═════ Data for processing ═════

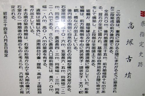 高塚古墳(桃井村45号古墳) 前方後円墳 全長60m、後円部径35m、同高さ4~5m、前方部長25m、同高さ4m 新井字高塚 丘陵 高坏、大型壷、須恵器提瓶、台付壷、金銅製耳環、鉄鏃、刀子破片、円筒埴輪、形象埴輪、横穴式石室、葺き石 現地案内板、榛東村誌、群馬県史
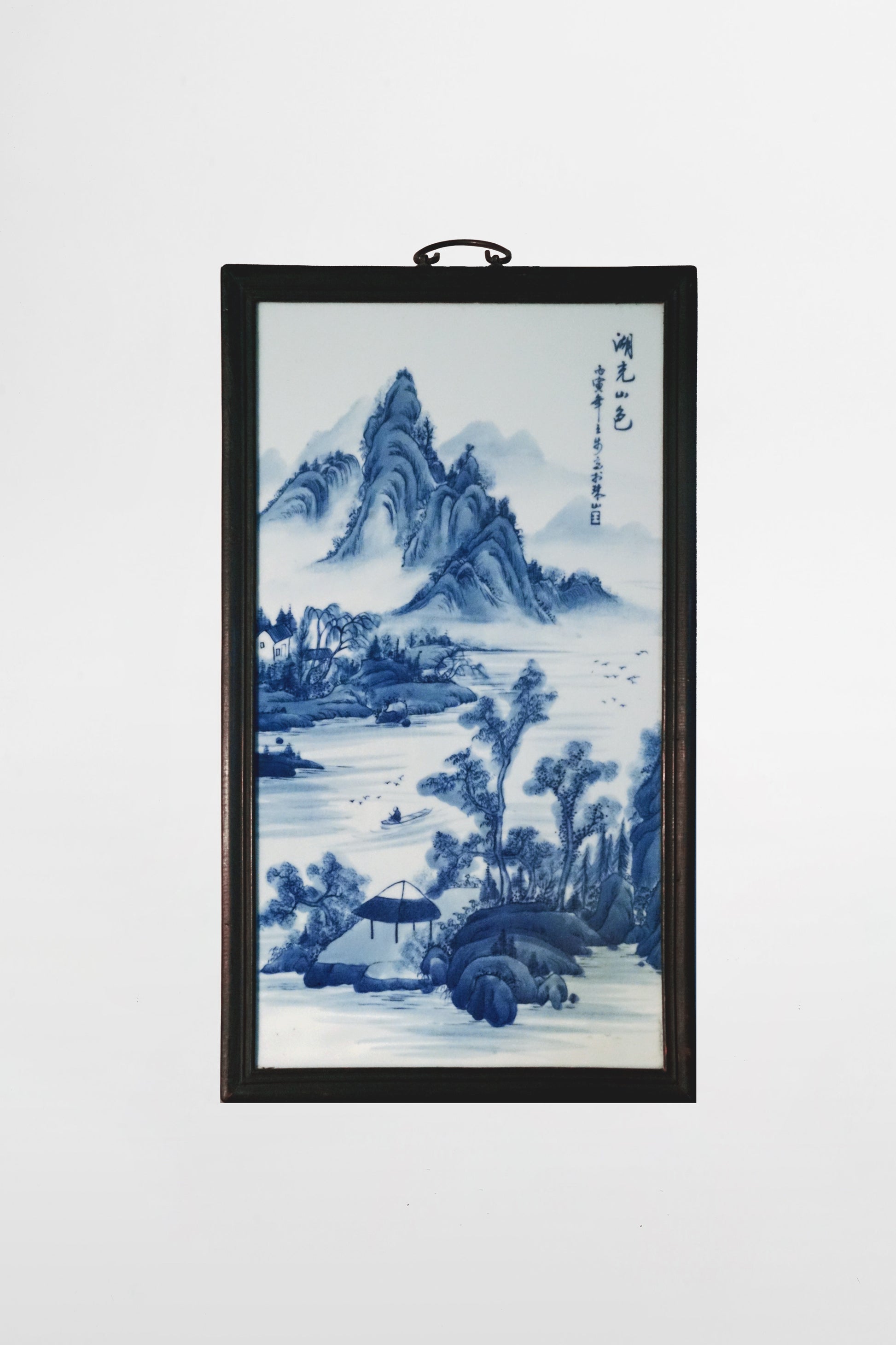Unterglasurblau auf Porzellan, gerahmt
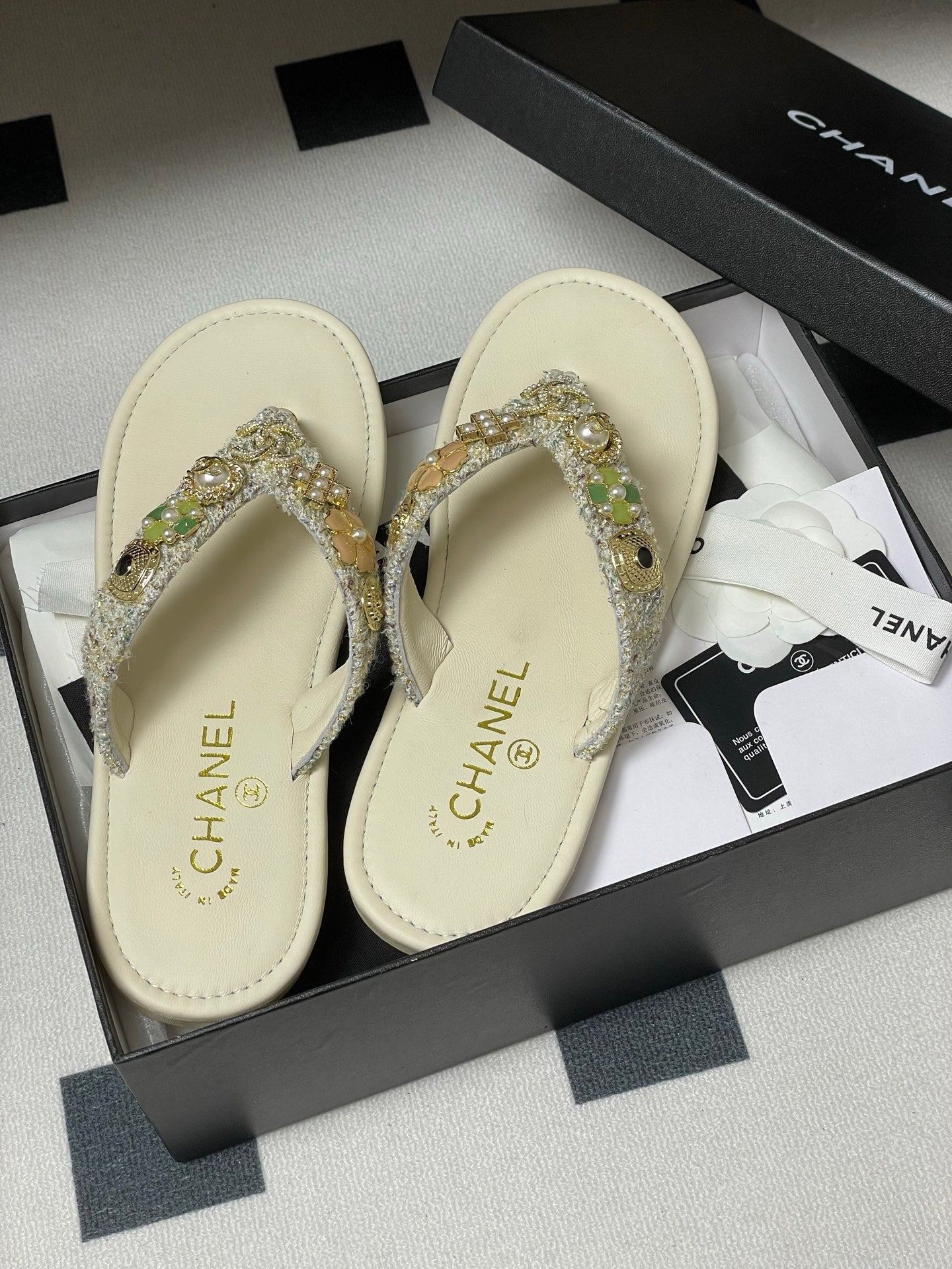 CC Spring-Summer 25P Thongs Cream Tweed anb Metal 247688
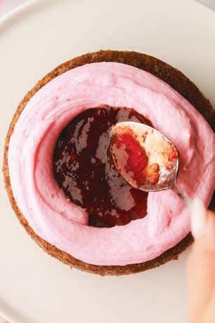 4. To decorate, place one of the cooled cake layers onto a serving board and pipe around the edge to create a border. Fill the center with strawberry jam, then top with the second cake layer.
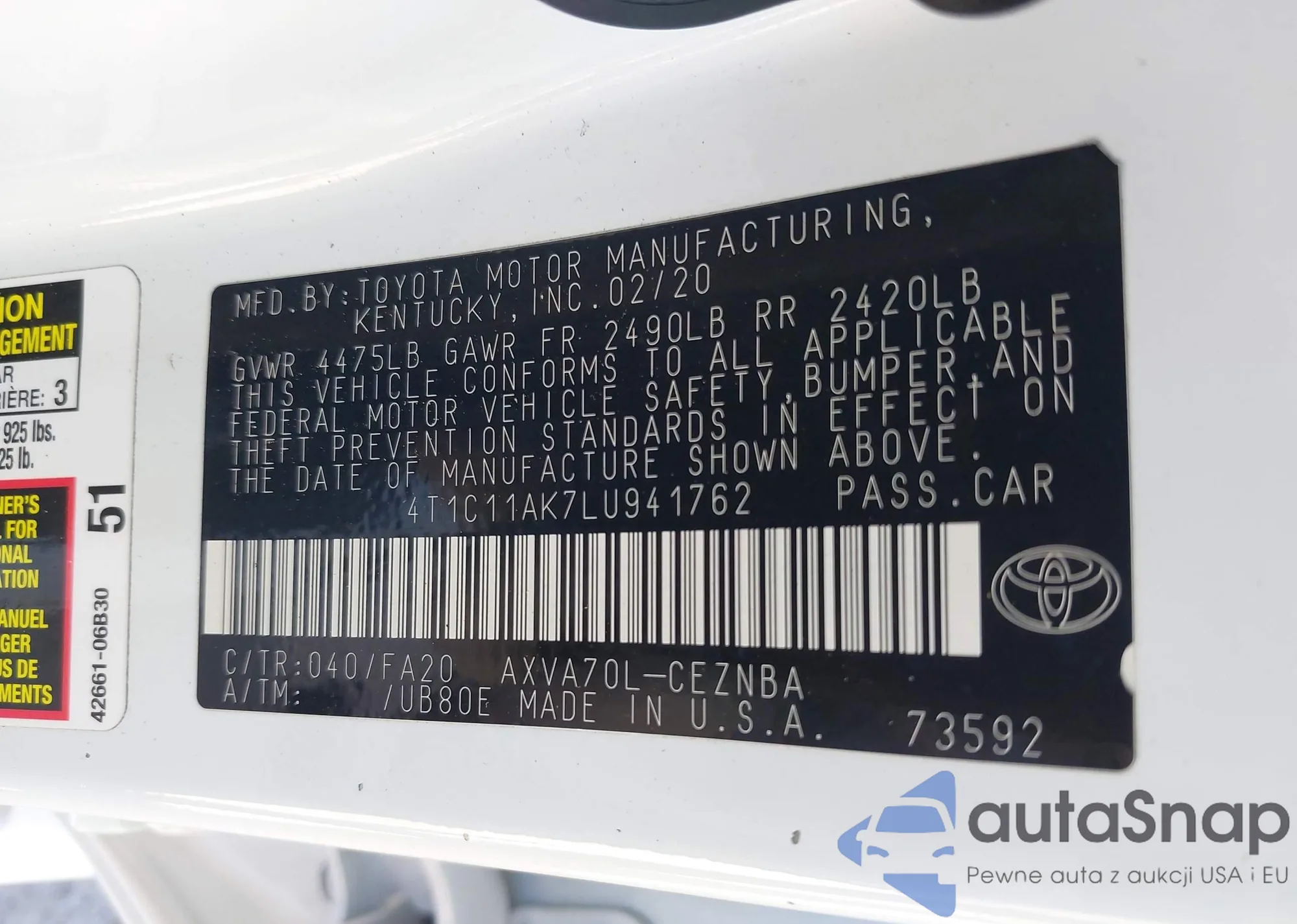 LOT: 43290996 VIN: 4T1C11AK7LU941762
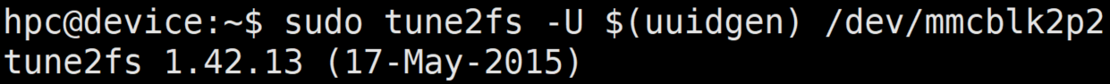 먼저 tune2fs에 대하여 알아보자. tune2fs는 리눅스 파일시스템의 다양한 변수 값을 바꿀 수 있도록 도와주는 명령어다. 한 번 OS가 존재하는 ext4 형식에 해당하는 /dev/mmcblk2p2 디바이스의 UUID를 변경해보겠다.
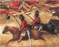 Sin embargo los santiagueños se recuperaron a medida que las armas de fuego iban aumentando las bajas entre la caballería riojana, que llegó a efectuar diez cargas,[6] en tanto que el terreno y las trincheras limitaban la peligrosidad de los jinetes y sus lanzas.[11][7][12] Uno de los versos recopilados de la "Zamba de Vargas" utiliza con acierto la expresión "lanzas contra fusiles" para definir la característica esencial que adoptó la batalla.[12][11] El propio Varela salvó su vida, luego de que su caballo cayera muerto y fuera rescatado por la montonera Dolores Díaz, La Tigra.[11][12] Al anochecer dio orden de retirada con sólo 180 hombres de los 4.000 con que había llegado. En el campo quedaron muertos 1200 montoneros y 200 nacionales.
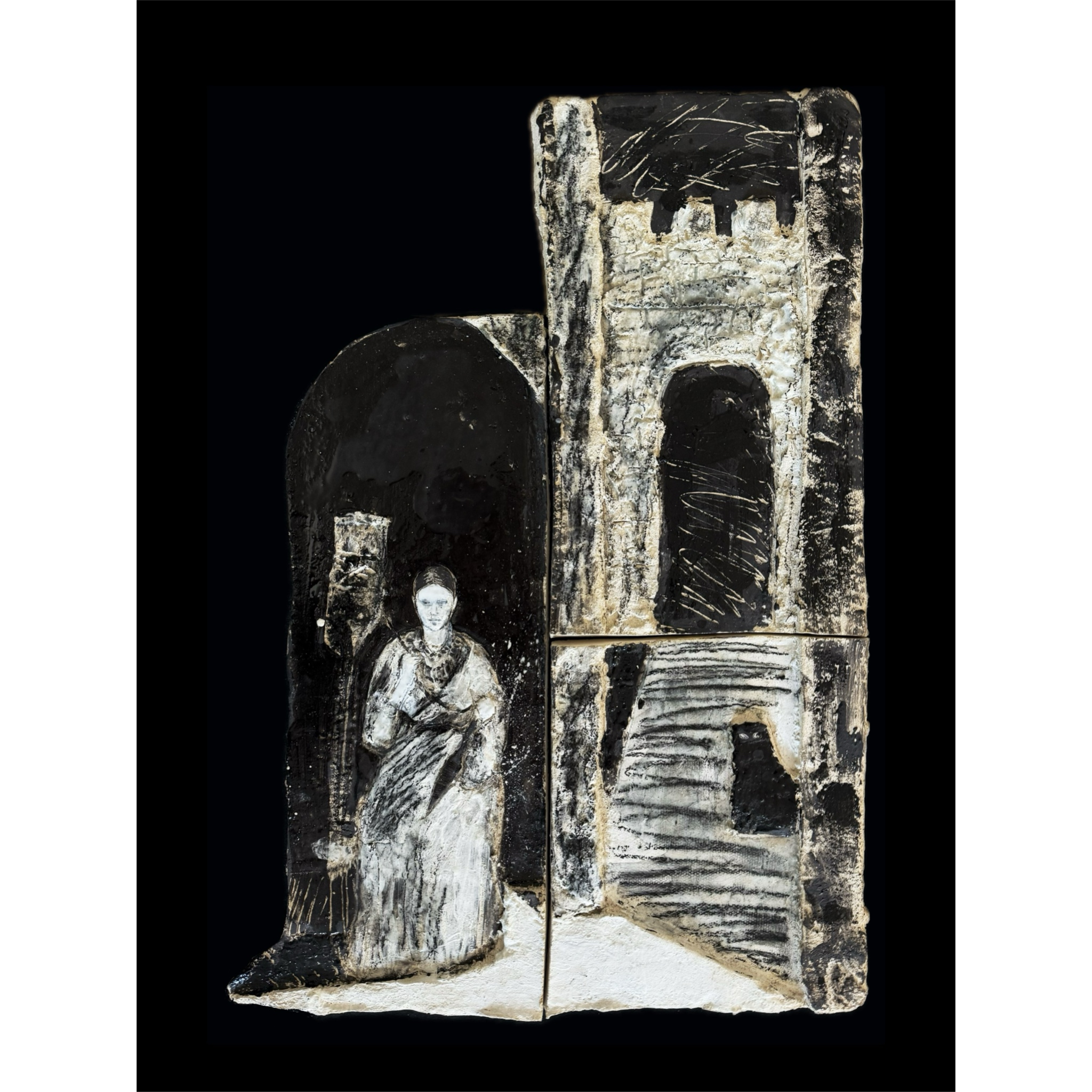 Рельеф из проекта Marinus. Узнаваемый образ в творчестве Анны Канфер – мотивы парадных залов и бесконечных извилистых коридоров, отсылающие к атмосфере дореволюционных особняков. В проекте Marinus этот образ трансформируется: стены коридоров распахиваются, открывая взгляду простор и море. Руины перестают быть символом разрушения – они превращаются в своеобразные окна, через которые можно увидеть бескрайний морской горизонт. Герои картин – объекты памяти и проводники вне времени; художница также отобразила их в керамике, сделав более осязаемыми для зрителя.
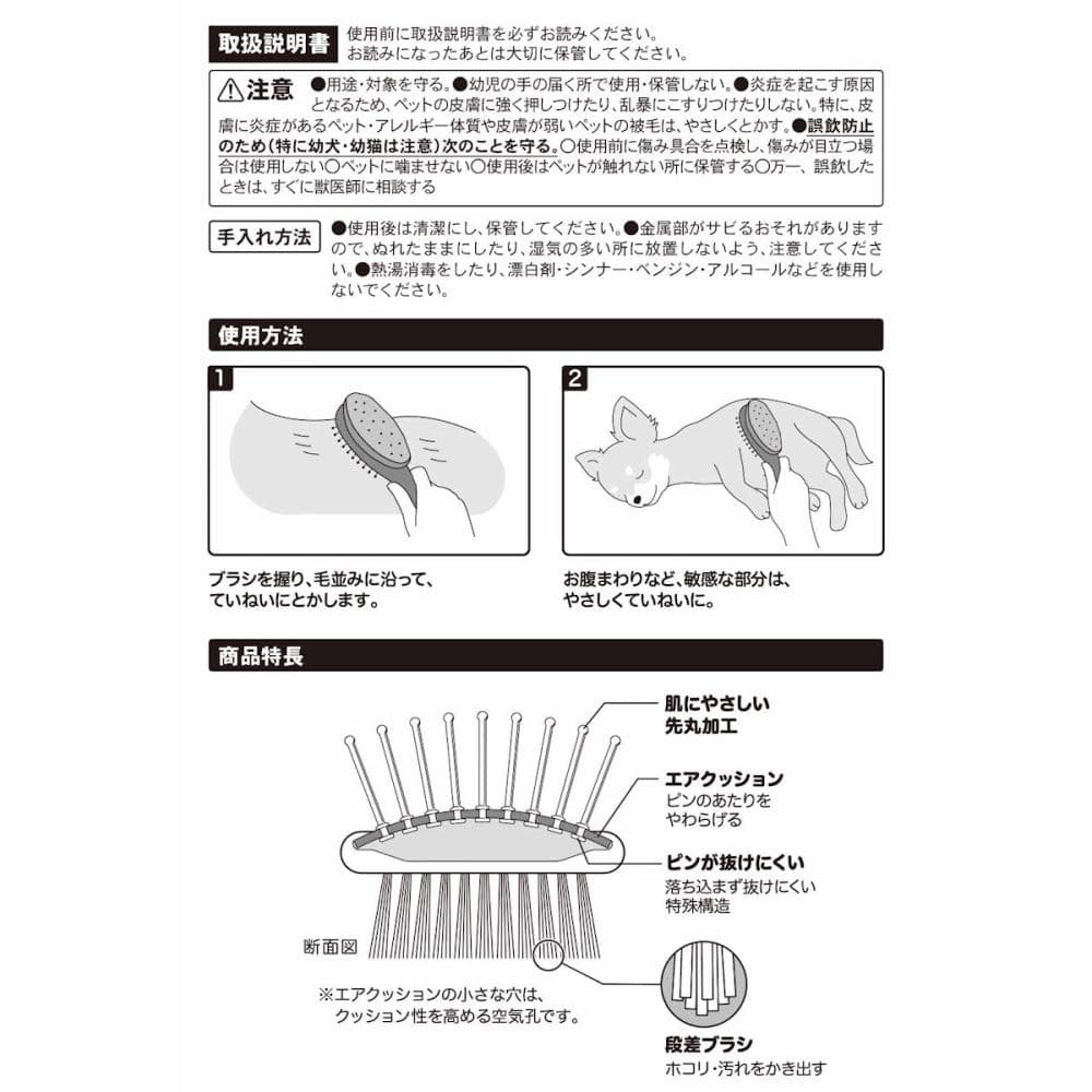 ●炎症を起こす原因となるため、ペットの皮膚に強く押しつけたり、乱暴にこすりつけたりしない。特に、皮膚に炎症があるペット・アレルギー体質や皮膚が弱いペットの被毛は、やさしくとかす。
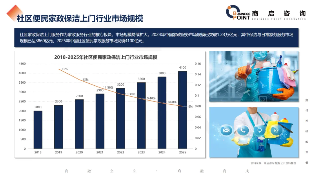 社区家政保洁上门服务作为家政服务行业的核心板块,市场规模持续扩大。2024年中国家政服务市场规模已突破1.23万亿元,其中保洁与日常家务服务市场规模已达3860亿元,2025年中国社区便民家政服务市场规模4100亿元。
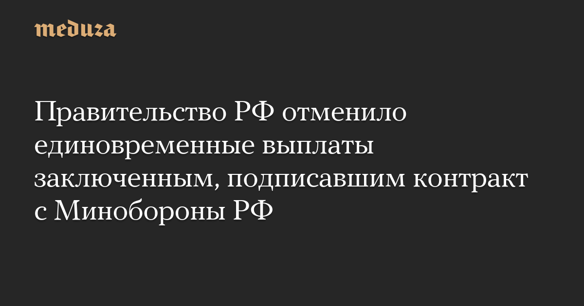 Премьер-министр РФ Михаил Мишустин подписал постановление, согласно которому заключенные, подписавшие контракт с Минобороны РФ, не смогут рассчитывать на единовременные выплаты. Постановление опубликовано на портале правовой информации.

═════

Copy the data word for word and omit every picture.

* Exercise solution
 高塚古墳(桃井村45号古墳) 前方後円墳 全長60m、後円部径35m、同高さ4~5m、前方部長25m、同高さ4m 新井字高塚 丘陵 高坏、大型壷、須恵器提瓶、台付壷、金銅製耳環、鉄鏃、刀子破片、円筒埴輪、形象埴輪、横穴式石室、葺き石 現地案内板、榛東村誌、群馬県史
Unterglasurblau auf Porzellan, gerahmt
 CC Spring-Summer 25P Thongs Cream Tweed anb Metal 247688
 4. To decorate, place one of the cooled cake layers onto a serving board and pipe around the edge to create a border. Fill the center with strawberry jam, then top with the second cake layer.
 LOT: 43290996 VIN: 4T1C11AK7LU941762
 먼저 tune2fs에 대하여 알아보자. tune2fs는 리눅스 파일시스템의 다양한 변수 값을 바꿀 수 있도록 도와주는 명령어다. 한 번 OS가 존재하는 ext4 형식에 해당하는 /dev/mmcblk2p2 디바이스의 UUID를 변경해보겠다.
 Sin embargo los santiagueños se recuperaron a medida que las armas de fuego iban aumentando las bajas entre la caballería riojana, que llegó a efectuar diez cargas,[6] en tanto que el terreno y las trincheras limitaban la peligrosidad de los jinetes y sus lanzas.[11][7][12] Uno de los versos recopilados de la "Zamba de Vargas" utiliza con acierto la expresión "lanzas contra fusiles" para definir la característica esencial que adoptó la batalla.[12][11] El propio Varela salvó su vida, luego de que su caballo cayera muerto y fuera rescatado por la montonera Dolores Díaz, La Tigra.[11][12] Al anochecer dio orden de retirada con sólo 180 hombres de los 4.000 con que había llegado. En el campo quedaron muertos 1200 montoneros y 200 nacionales.
 Рельеф из проекта Marinus. Узнаваемый образ в творчестве Анны Канфер – мотивы парадных залов и бесконечных извилистых коридоров, отсылающие к атмосфере дореволюционных особняков. В проекте Marinus этот образ трансформируется: стены коридоров распахиваются, открывая взгляду простор и море. Руины перестают быть символом разрушения – они превращаются в своеобразные окна, через которые можно увидеть бескрайний морской горизонт. Герои картин – объекты памяти и проводники вне времени; художница также отобразила их в керамике, сделав более осязаемыми для зрителя.
 ●炎症を起こす原因となるため、ペットの皮膚に強く押しつけたり、乱暴にこすりつけたりしない。特に、皮膚に炎症があるペット・アレルギー体質や皮膚が弱いペットの被毛は、やさしくとかす。
 社区家政保洁上门服务作为家政服务行业的核心板块,市场规模持续扩大。2024年中国家政服务市场规模已突破1.23万亿元,其中保洁与日常家务服务市场规模已达3860亿元,2025年中国社区便民家政服务市场规模4100亿元。
 Премьер-министр РФ Михаил Мишустин подписал постановление, согласно которому заключенные, подписавшие контракт с Минобороны РФ, не смогут рассчитывать на единовременные выплаты. Постановление опубликовано на портале правовой информации.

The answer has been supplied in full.